Reportage A Dubaï, où les manifestations sont interdites en dehors de la COP28, les militants refusent de se taire
Perruque blonde sur la tête, une militante venue des Philippines harangue les passants. “Vous aimez Taylor Swift ? Vous aimez la planète ?” Tandis qu’une enceinte diffuse des tubes de la superstar américaine, son petit groupe d’activistes détourne les paroles d’une de ses chansons : “No more cruel summer !” ( “Les étés cruels, c’est terminé”).
Traditionnellement, dans les conférences de l’ONU pour le climat, les activistes se chargent d’ambiancer la société civile et une grande journée d’action mondiale – organisée le samedi 9 décembre cette année – braque les caméras sur la ville hôte en organisant une manifestation monstre pour faire pression sur les dirigeants. A Dubaï pourtant, l’enthousiasme communicatif des “Swifties for Climate Change” ne sortira pas de la “blue zone”, l’espace réservé aux participants accrédités pour la COP28 et administré par les Nations unies.
Dans cet émirat du Golfe, les manifestations sont interdites. Si cette contrainte choque les militants qui, dans leur pays, jouissent de la liberté d’expression, de nombreux activistes du climat sur le globe y sont aussi habitués. Et ces militants entendent bien profiter de cette COP28 pour faire entendre leurs messages, même privés d’un droit fondamental.
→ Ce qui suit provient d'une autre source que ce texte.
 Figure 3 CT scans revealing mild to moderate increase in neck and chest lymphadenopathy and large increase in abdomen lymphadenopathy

Des manifestations très encadrées
Les organisateurs émiratis ont voulu un sommet tourné vers “les solutions” et “le business”. Naturellement, ils voient d’un mauvais œil les organisations venues demander des comptes à leurs dirigeants. Toute demande de manifestation doit être approuvée par le secrétariat de la COP28. Les organisations disposent d’un créneau – environ 25 minutes – et d’un espace délimité – à l’entrée de la “blue zone” –, pour porter leurs revendications. “C’est frustrant, oui”, lâche l‘Américain Thomas Harmy Joseph, membre du Water Climate Trust. Il est venu appeler, au nom des peuples indigènes du pays, à ce que les représentants des énergies fossiles débarrassent le plancher. “Mais nous tenons à remercier nos hôtes et il faut reconnaître que nous sommes très bien accueillis”, ajoute-t-il aussitôt.
Discrets mais omniprésents, les agents de sécurité observent, impassibles, le ballet des journalistes et des pancartes, sous un soleil de plomb.
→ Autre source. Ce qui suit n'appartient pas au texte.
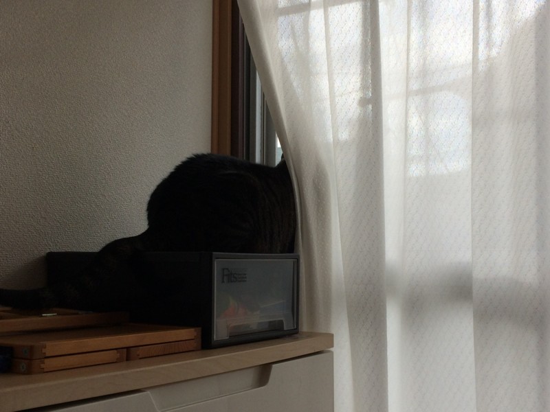 部屋の反対側(台所側)の引戸は、いつも猫が出入りできるように少し開けているからそっちから出入りすればいいのに。

En 2022 déjà, les militants présents à la COP27, en Egypte, n’avaient pas pu marcher dans les rues de Charm-el-Cheikhn, n’ayant aussi accès qu’à la “zone bleue” et ainsi aux caméras de la presse étrangère. Pour la COP18, à Doha (Qatar), un défilé historique avait certes rassemblé quelques centaines de manifestants mais tous avaient été sommés de respecter à la lettre les consignes du co-organisateur : les autorités du pays.
“Actionistes” et activistes
Dans la “zone verte”, ouverte au grand public, les visiteurs sont invités à découvrir la lutte contre le changement climatique à travers le prisme des grandes entreprises, des institutions et des start-up qui y tiennent pavillon. On y parle d’“actionisme”. Défini sur le site internet du sommet comme une “action vigoureuse pour apporter le changement”, le terme fait honneur aux acteurs de la société civile et notamment aux entrepreneurs qui s’impliquent dans la lutte contre le changement climatique.
“Le mot ‘activiste’ n’est pas perçu de la même manière partout”, relève la militante irakienne Reem al-Saffar. “Les médias véhiculent une image occidentale du militantisme, avec des manifestations dans la rue et des grandes marches pour le climat”, poursuit cette étudiante en biologie qui a représenté la jeunesse de son pays dans les négociations climatiques lors de la précédente COP. “Cette représentation peut être très décourageante pour les jeunes des pays du Sud, qui souhaitent s’impliquer dans cette cause mais pensent, à tort : ‘Je ne suis pas assez courageux pour mener ces actions’.”
“Il faut garder en tête que dans beaucoup de pays, manifester est extrêmement dangereux. Il faut absolument privilégier sa sécurité.”